Exactly reproduce the line containing "Al lugar también" and all later lines to the end of the entries, leaving the pictures out of your copy.

BEGIN

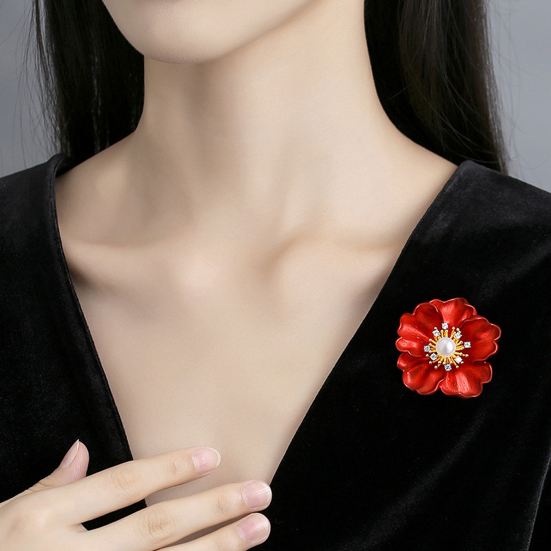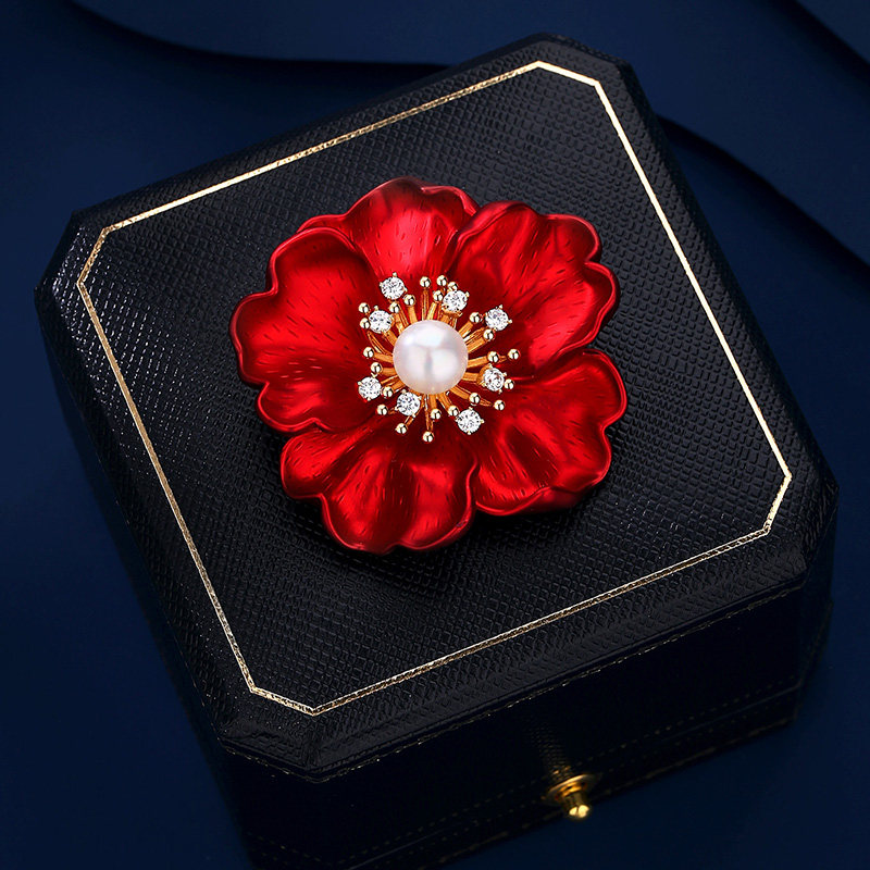 【紫罗兰正版】丹红花胸针精致高档牡丹花胸花礼服别针生日礼物
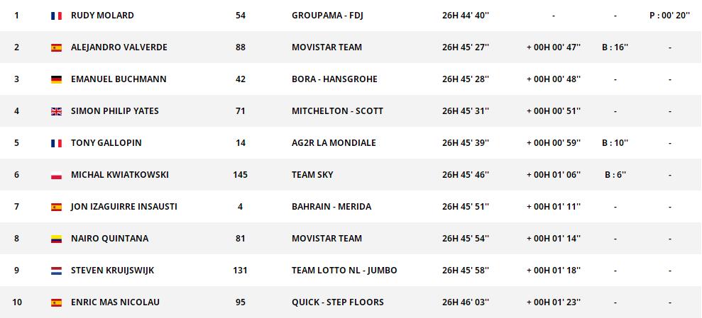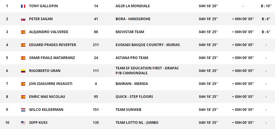 五秒之后小集团抵达终点,萨甘(博拉-汉斯格雅)抢在巴尔维德(移动之星)之前冲线。莫拉尔(安盟-FDJ)跟着集团过线保有红衫;曾经离他最近的科维亚特科夫斯基则损失了30秒,总成绩滑落到第六,并将绿衫和白衫让给了巴尔维德。
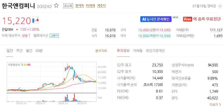 한국앤컴퍼니 주가 분석
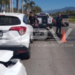 Al lugar también arribaron los agentes de la Policía Vial, así como los elementos de la Policía Estatal Preventiva, quienes fueron informados como ocurrió el accidente, manifestando testigos del lugar, que el choque había sido por alcance entre un vehículo Honda, tipo HR-V, modelo 2018, de color blanco, con placas, JPP-53-42, de Jalisco, que conducía un masculino de nombre Miguel, vecino de Marina Vallarta, mismo que se impacta contra una Motocicleta, BMW, de color negro, modelo 1996, con las placas H745P, del estado de Jalisco, conducida por Gabriel, vecino de la calle Primavera, en Nuevo Vallarta, mismo que es chocado por la parte de atrás por un tercer vehículo, siendo un automóvil Dodge, Attitude, modelo 2017, color blanco, placas JPH-90-67, que era conducido por quien dijo llamarse Miriam, con domicilio en Villa Antigua, de la colonia Los Portales, en Puerto Vallarta.
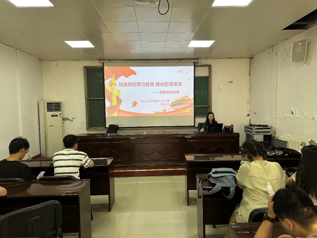 为使学生党员不断增强纪律意识、提高党性修养,用党规党纪校正思想和行动,砥砺本色、固培正气,以严明的纪律推动全面从严治党向纵深发展,不断提升党的创造力凝聚力战斗力。6月24日晚,机械学院硕士生2023级第二党支部于学院四楼报告厅开展《加强党纪学习教育,强化纪律建设》专题党课,此次党课由支部书记李华冰同志主讲,二支部全体同志参加。

END

Your solution |
 Al lugar también arribaron los agentes de la Policía Vial, así como los elementos de la Policía Estatal Preventiva, quienes fueron informados como ocurrió el accidente, manifestando testigos del lugar, que el choque había sido por alcance entre un vehículo Honda, tipo HR-V, modelo 2018, de color blanco, con placas, JPP-53-42, de Jalisco, que conducía un masculino de nombre Miguel, vecino de Marina Vallarta, mismo que se impacta contra una Motocicleta, BMW, de color negro, modelo 1996, con las placas H745P, del estado de Jalisco, conducida por Gabriel, vecino de la calle Primavera, en Nuevo Vallarta, mismo que es chocado por la parte de atrás por un tercer vehículo, siendo un automóvil Dodge, Attitude, modelo 2017, color blanco, placas JPH-90-67, que era conducido por quien dijo llamarse Miriam, con domicilio en Villa Antigua, de la colonia Los Portales, en Puerto Vallarta.
 为使学生党员不断增强纪律意识、提高党性修养,用党规党纪校正思想和行动,砥砺本色、固培正气,以严明的纪律推动全面从严治党向纵深发展,不断提升党的创造力凝聚力战斗力。6月24日晚,机械学院硕士生2023级第二党支部于学院四楼报告厅开展《加强党纪学习教育,强化纪律建设》专题党课,此次党课由支部书记李华冰同志主讲,二支部全体同志参加。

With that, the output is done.